Krisen – Motor unserer Entwicklung

Veränderung wird oftmals als etwas bedrohliches weil unberechenbares empfunden. So weit gehend, dass manche Menschen selbst in einer objektiv wenig attraktiven Lebenssituation vor Veränderungen zurückschrecken, denn „… es könnte ja noch schlimmer werden. So weiß ich wenigstens, was ich habe, und kann routiniert damit umzugehen“ – auch wenn dieses „Umgehen“ oftmals (unbewusst) nur ein ewiges sich im Kreise alter Muster und Glaubenssätze zu drehen bedeutet. Nur sehr wenige Menschen zeigen sich offen für und neugierig auf Veränderung und sind bereit, dafür Gewohntes und auch Liebgewonnenes loszulassen. Dabei ist dies genau das, was eine Krise initiieren möchte.

危機

Im Chinesischen werden abstrakte Begriffe häufig aus zwei elementaren Wörtern (und damit Schriftzeichen) zusammengesetzt. Ein schönes Beispiel dafür ist das Wort Krise, chinesisch wei-ji: 危機. Wei (危) steht dabei für Gefahr, ji (機) für Gelegenheit bzw. Wendepunkt. Der Ausdruck integriert also beide Seiten der (gleichen) Medaille.1 In unserer Gesellschaft ist der Begriff Krise hingegen eher einseitig negativ konnotiert, wird mit einer Situation in Verbindung gesetzt, die unerwünscht und leidvoll ist und auf die Weise „repariert“ gehört, dass – fatalerweise – der Zustand vor der Krise wieder hergestellt werden soll.

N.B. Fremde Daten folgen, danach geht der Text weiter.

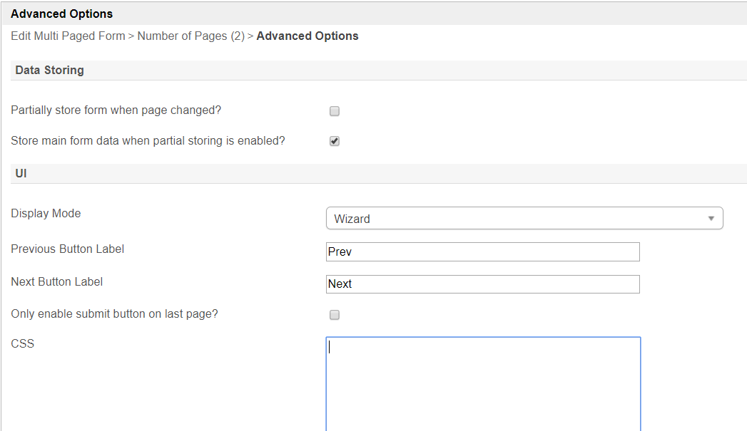 Display Mode | 确定多页面表单是否将显示在向导或选项卡中。 |
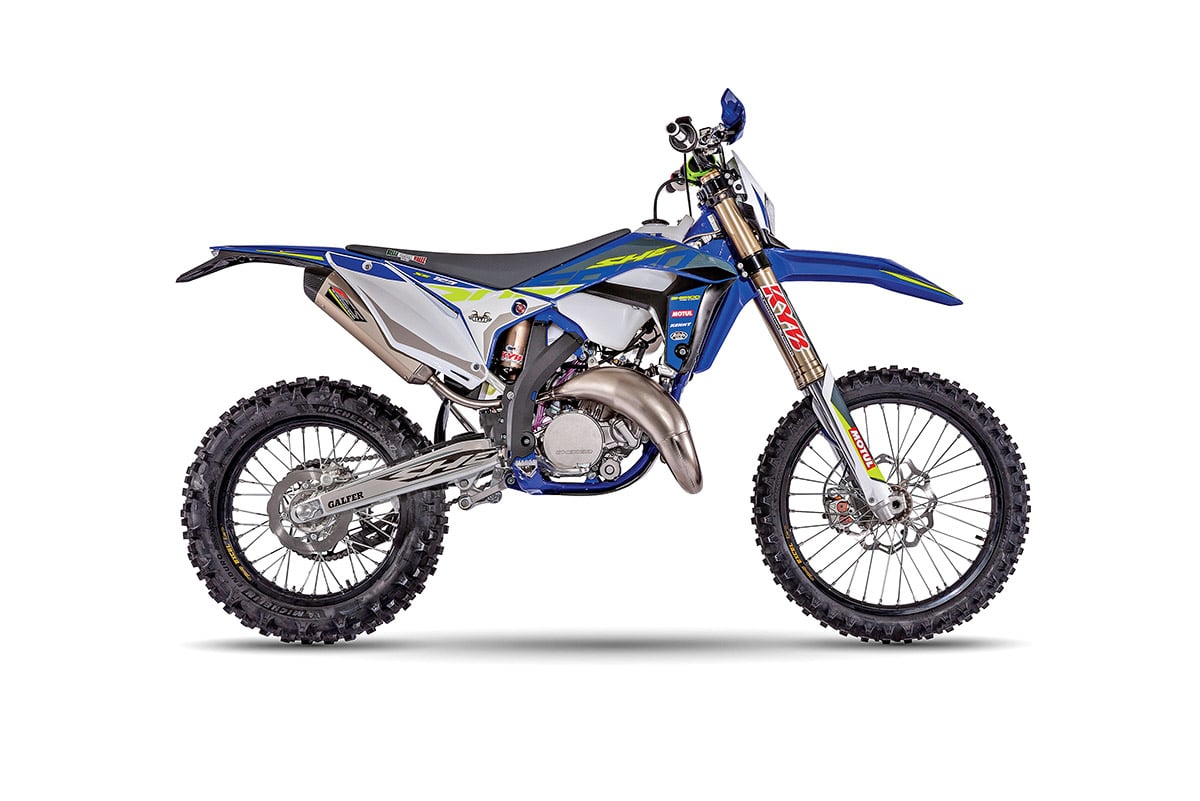 Sherco’s 125 two-stroke is still the newest bike in the line, introduced in 2018. As such, it has received evolutionary changes each year. The SE125 Factory has electric start, as well as an electronic power valve. The fork is a closed-cartridge KYB, and the brakes are Brembos. The SE125 also has lights and an odometer. A Keihin carburetor feeds a Moto Tassinari V-Force reed block.

Der von mir unter anderem aufgrund seiner Sprach- und Literaturbegeisterung sehr geschätzte Dieter Lange unterscheidet die Begriffe Veränderung und Wandel. In seinem Verständnis bedeutet Veränderung einen rein quantitativen Prozess (aus unternehmerischer Sicht „mehr vom Gleichen“), während nur Wandel ein qualitativer, struktureller Prozess ist. Er zitiert in diesem Zusammenhang gerne Goethes Aussage „Getretener Quark wird breit, nicht stark“, und postuliert den Schmetterling anstelle einer verbesserten Raupe.2 Ich teile seine Wortdeutung im Kontext persönlicher Entwicklung zwar nicht (sodass ich weiter das Wort Veränderung verwende), halte aber das Bewusstsein dieser inhaltlichen Unterscheidung für sehr wichtig.

Warum fatal? Wenn der in die Krise geratene Mensch doch im vorherigen Zustand auf allen Ebenen und in allen Lebensbereichen voller Herz und Hingabe seine Bestimmung gelebt hat, wäre es doch großartig, wenn sich dieser Zustand wieder erreichen lässt!? Ich behaupte jedoch, dass eine Krise genau darauf angelegt ist und nur entsteht, um darauf hinzudeuten, dass eben dies genau nicht der Fall ist – egal ob es um eine Unstimmigkeit im Umgang mit sich selbst oder im privaten, beruflichen oder öffentlichen Kontext geht – oder eine Kombination davon. Die Krise ist darauf angelegt, die Lebenslüge(n) zu entlarven.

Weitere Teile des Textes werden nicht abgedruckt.